Färber sah sich in dem Zimmer um. Es war so steril wie eine Zelle. Unterschied sich nicht wesentlich von den Unterkünften der Untersuchungshäftlinge, mit denen er oft das zweifelhafte Vergnügen hatte. Aber genau genommen war sie auch eine Gefangene. Eine Gefangene ihrer selbst.
»Haben Sie heute Nacht etwas Verdächtiges gehört?«, wollte er wissen.
»Ist etwas passiert?«, fragte sie teilnahmslos. Es war eine rein rhetorische Frage. Das merkte man ihr an. Das sah man in ihren Augen.
»Professor Morgenstern wurde heute Nacht ermordet.«
Chiara stieß einen abfälligen Laut aus. Seinem Namen war diese Bestie in Menschengestalt nicht gerecht geworden. Er gab nicht so viel Hoffnung wie jeder neue Morgen. Und funkelte nicht so strahlend wie die Sterne am Firmament.
Färbers Miene verfinsterte sich zusehends. Er zog die Brauen zusammen und musterte die Frau misstrauisch. Doch zwei Atemzüge später schalt er sich einen Narren. Sie konnte ihrem behandelnden Arzt gegenüber nicht freundlich gestimmt sein. Immerhin hatte sie es ihm zu verdanken, dass sie in dieser Privatklinik ihr Dasein fristen musste.
Chiara warf ihm einen abschätzenden Blick zu. Eisige Verachtung sprach daraus. Er ist gefährlich, hämmerte es hinter ihrer Stirn.
»Der Tod des Professors scheint Ihnen nicht sonderlich nahezugehen«, sagte Färber wie beiläufig.
Und traf damit voll ins Schwarze.
Ruckartig warf sie den Kopf zurück und stieß ein schrilles Lachen aus. Färber fühlte ein Frösteln in seinem Nacken. Der Laut hatte nichts Menschliches.
Ihr Lachen ging in ein hysterisches Kreischen über, das noch animalischer klang. Ihre Hände zuckten vor. Fuhren durch die Luft, als ob sie ihn – als mögliches Opfer – austaxierte. Gleich zustoßen würde. »Sie können sich nicht vorstellen, was in dieser Klink vorgeht!«, stieß sie gellend hervor.

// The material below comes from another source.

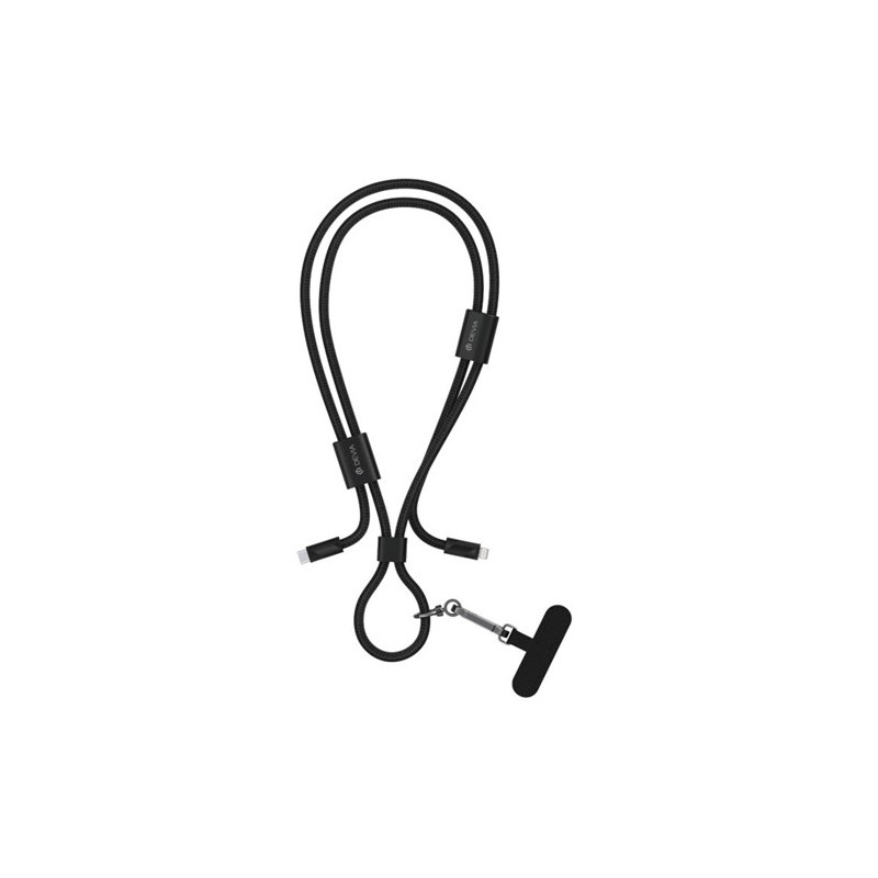 DEVIA 2 En 1 Cable Datos Lightning A Tipo C 3A 27W + Colgador Movil Ajustable 1.6Mtrs Nylon Negro

Färber wich einen Schritt zurück.
Die Tür flog auf.
Zwei Pfleger stürmten in den Raum, nahmen Chiara mit geübten Griffen in die Mitte und hielten ihre Arme fest. Was sie noch mehr in Rage versetze. Sie versuchte, mit beiden Füßen nach den Pflegern zu treten. Eine Schwester eilte herbei. Zog im Laufen eine Spritze mit dem Beruhigungsmittel auf, das Chiara gleichermaßen liebte und hasste. Und nur wenige Minuten später verstummte ihr Kreischen.